Script to assign taxonomy to a bacteriophage at the genus and species level. It will identify the most similar genomes in the set of currently classified ICTV genomes that are present in the VMR. Read about the VMR here. It will compare the query genome against these genomes and run a VIRIDIC-like analysis on the closest relatives. Interpret the output of VIRIDIC-like analysis to determine if the phage falls within a current genus and or species. It does not run VIRIDIC, but utilises the same formula for comparison of genomes. The input is a single genome sequence. The remainder of the analysis is automated


Designed for:

  • Individual complete phage genomes

What it will do:

  • Classify a dsDNA phage genomes at the Genus and or species level against ICTV genomes
  • Tell you if your genome represents a new genus
  • Use current ICTV cutoffs for Genera and Species
  • accept multiple inputs at the same time

What it wont do:

  • Metagenomic samples
  • Eukaryotic viruses
  • RNA phages - it will give a result - not necessarily the correct one
  • ssDNA phages - again a result but likely not accurate
  • Classify a phage into a new family
  • Compare against every single phage genome in Genbank. It is designed for classification , so compares against currently classified phages.

A web version will be available soon.


QUICK start and test

mamba create -n taxmyphage -c conda-forge -c bioconda taxymyphage
mamba activate taxmyphage

python tax_myPHAGE.py -i test.fna -t 8 

This should check the required software is installed and give a warning if not. It will also download the required fasta database and MASH file for comparison. These will be installed in the cloned tax_myPHAGE directory. If you download manually then please move them into tax_myPHAGE directory.

Output of the test should have the following lines at the bottom

example


Requirements

It can be run on a standard laptop in a reasonable time.

Input Files Description Download Instructions
ICTV.msh (MASH index) Prebuilt MASH index of ICTV genomes. Download here Download: wget https://millardlab-inphared.s3.climb.ac.uk/ICTV_2023.msh
Bacteriophage_genomes.fasta.gz Database of ICTV-classified genomes. Download here. - Download: wget https://millardlab-inphared.s3.climb.ac.uk/Bacteriophage_genomes.fasta.gz
- Unzip: gunzip Bacteriophage_genomes.fasta.gz
- Create blast db: makeblastdb -in Bacteriophage_genomes.fasta -parse_seqids -dbtype nucl
VMR.xlsx Virus Metadata Resource (VMR) included. - Download: wget https://ictv.global/vmr/current

Install

Conda

mamba install -c conda-forge -c bioconda taxmyphage

pip

pip install taxmyphage

If you installing by pip, don't forget to install a working version of mash and blast

Run with

Quick start

taxmyphage -i input.fasta

Options

optional arguments:
  -h, --help            show this help message and exit
  -V, --version         Show the conda-prefix-replacement version number and exit.
  -v, --verbose

General options:
  -i [FASTA_FILE ...] [[FASTA_FILE ...] ...], --input [FASTA_FILE ...] [[FASTA_FILE ...] ...]
                        Path to an input fasta file(s), or directory containing fasta files. The fasta file(s) could contain multiple phage genomes. They can be compressed (gzip).

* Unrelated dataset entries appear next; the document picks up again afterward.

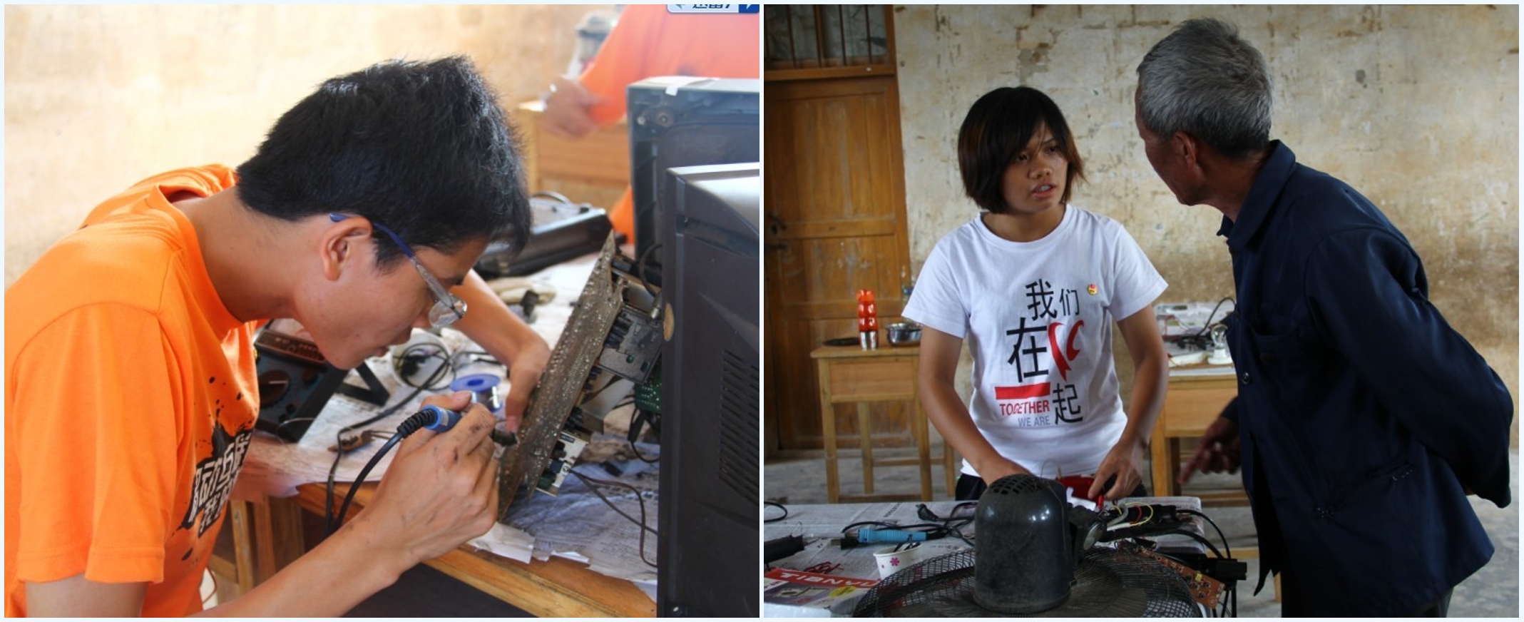 不怕苦不嫌累的家电维修组的志愿者们
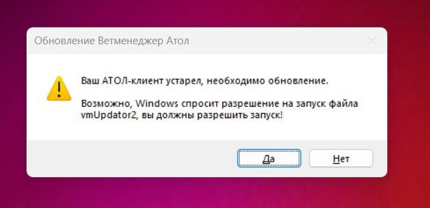 Атол-клиент может предложить автоматически обновиться. При этом в программе появится окно: "Ваш АТОЛ-клиент устарел, необходимо обновление".
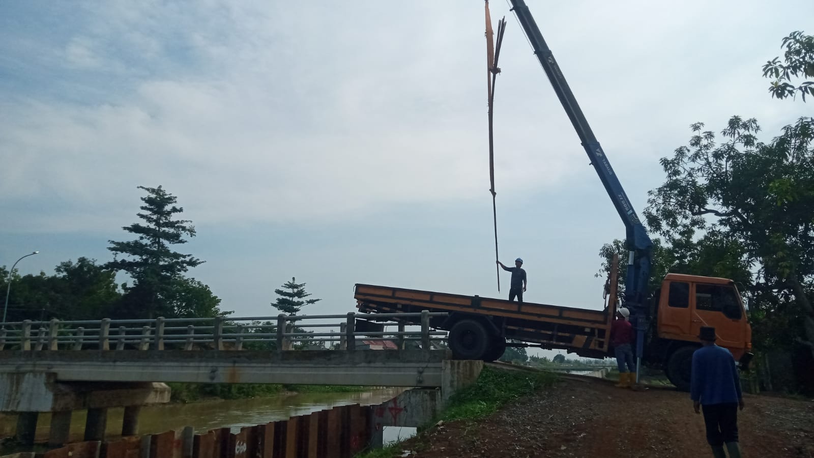 Kemudian Instal besi lantai parafet, Normalisasi Saluran Irigasi Rentang Cipelang Desa Bangkaloa. Penyedotan air, Normalisasi Saluran Irigasi Rentang Cipelang Desa Ujungpendok. (tim)
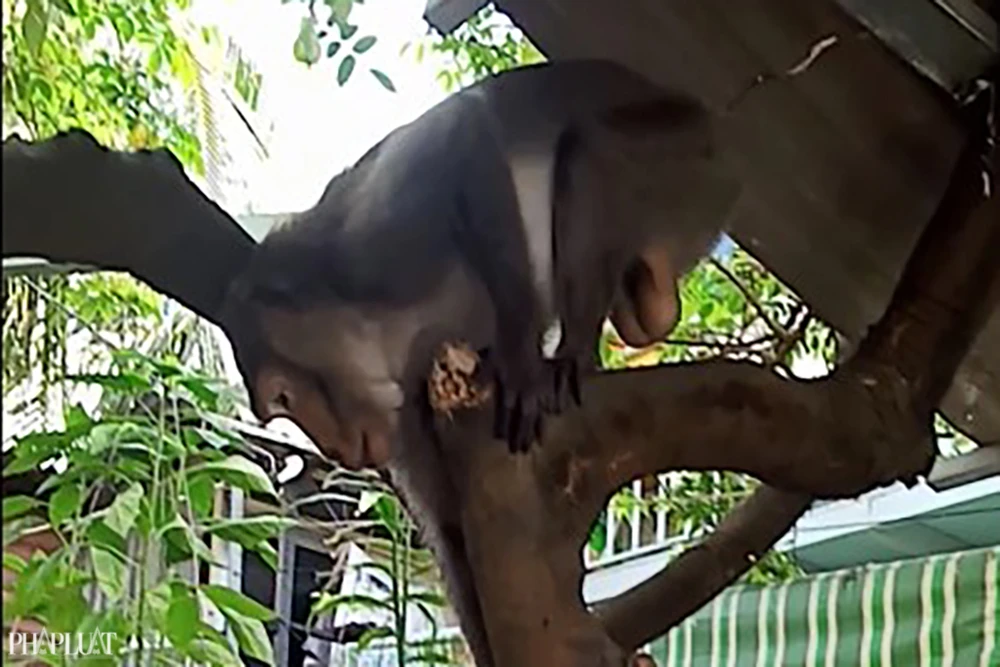 Con khỉ lấy bịch đậu phộng xé ra ăn một vài vốc rồi bỏ lại, leo lên cây đi đâu không rõ. Theo người dân, cá thể khỉ khá dạn người, thường hay xuất hiện vào chừng 9 giờ sáng mỗi ngày.
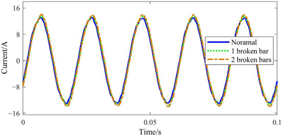 - Ouachtouk, I.; El Hani, S.; Guedira, S.; Dahi, K.; Mediouni, H. Broken rotor bar fault detection based on stator current envelopes analysis in squirrel cage induction machine. In Proceedings of the IEEE International Electric Machines and Drives Conference, Miami, FL, USA, 21–24 May 2017. [Google Scholar]
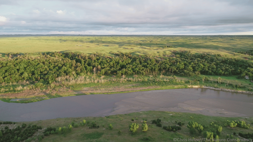 DJI_0032 Published June 26, 2018 at 3840 × 2160 in Niobrara Valley Preserve From The Air The Nebraska Sandhills extend nearly forever south of the river (12 million acres of contiguous prairie). You can’t even see the entire 12,000 east bison pasture in this photo. The scale is just immense.
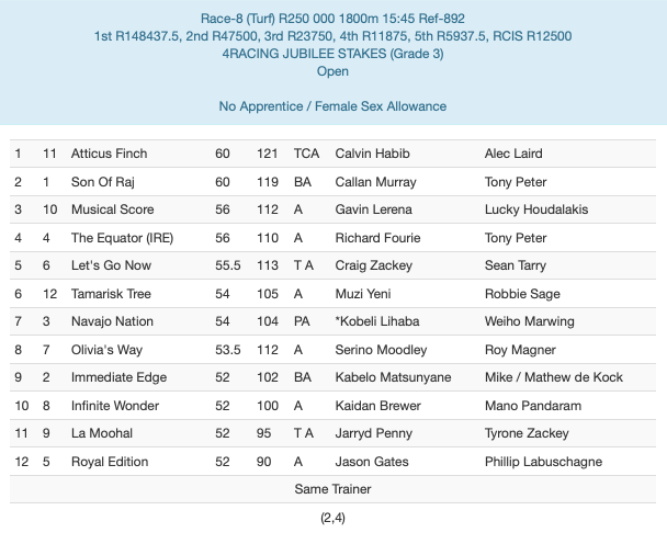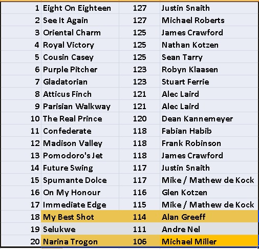 From now to the July, 3 weeks to go, no other horse can really be added to the mix. Garrix had a tough campaign, it raced 3 times in few weeks. If they not worked him to the bone he could of been a late entry, but now that horse has an extra 2 races under his clock. He will be fresh for the Cape, and it won't surprise me if he makes a turn for the Jhb weak summer cup with big cash on offer.
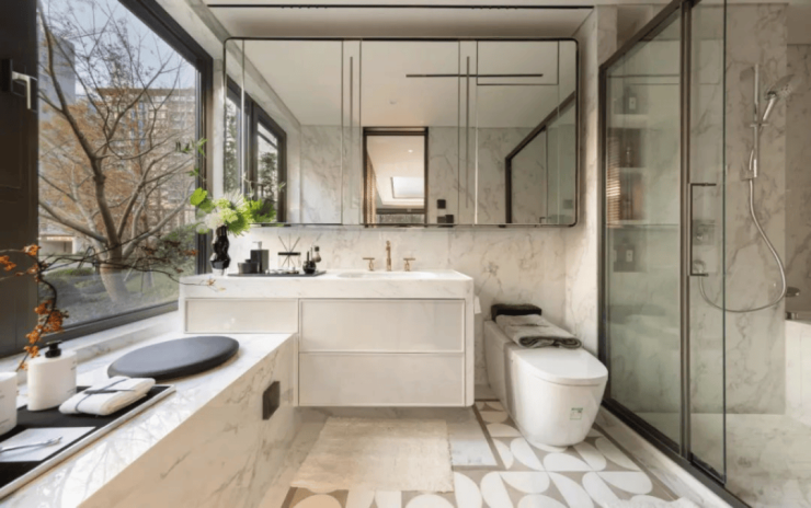 卫生间采用杜拉维特 (或同等品牌) 的台盆、汉斯格雅 (或同等品牌) 的花洒五金件、主卫伊奈、次卫恩仕 (或同等品牌) 智能一体马桶。
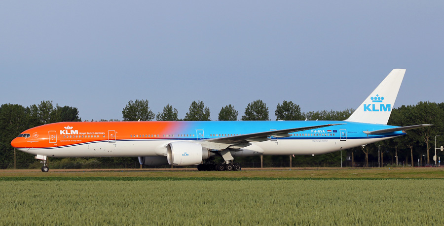 KLM. De Boeing 777-306 PH-BVA is in verband met de Olympische spelen in Rio de
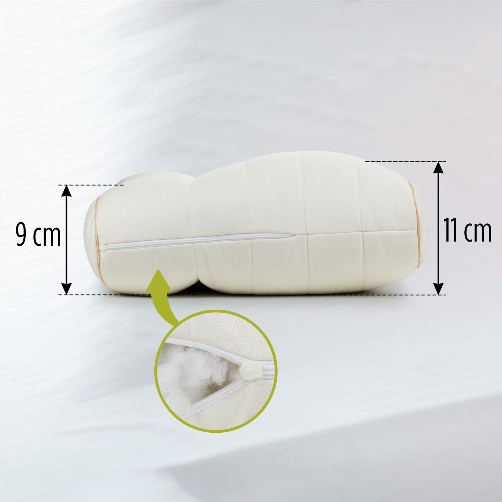 - Indywidualna regulacja wysokości pozwala dostosować poduszkę do swoich upodobań i pozycji snu.

If a directory is given the
                        expected fasta extentions are ['fasta', 'fna', 'fsa', 'fa'] but can be gzipped. (Required)
  -o OUTPUT, --output OUTPUT
                        Path to the output directory. (Default is current directory)
  -p PREFIX, --prefix PREFIX
                        will add the prefix to results and summary files that will store results of MASH and comparision to the VMR Data produced by ICTV combines both sets of this data into a single csv file.
                        Use this flag if you want to run multiple times and keep the results files without manual renaming of files. (Default no prefix)
  -d DIST, --distance DIST
                        Will change the mash distance for the intial seraching for close relatives. We suggesting keeping at 0.2 If this results in the phage not being classified, then increasing to 0.3 might
                        result in an output that shows the phage is a new genus. We have found increasing above 0.2 does not place the query in any current genus, only provides the output files to demonstrate it
                        falls outside of current genera. (Default is 0.2)
  --no-figures          Use this option if you don't want to generate Figures. This will speed up the time it takes to run the script - but you get no Figures. (By default, Figures are generated)
  -t THREADS, --threads THREADS
                        Maximum number of threads that will be used by BLASTn. (Default is 1)

Options related to the database:
  --db_folder FOLDER_PATH
                        Path to the database directory where the databases are stored. (Default is /Users/rdenise/Documents/Scripts/tax_myPHAGE_github_version/taxmyphage/database)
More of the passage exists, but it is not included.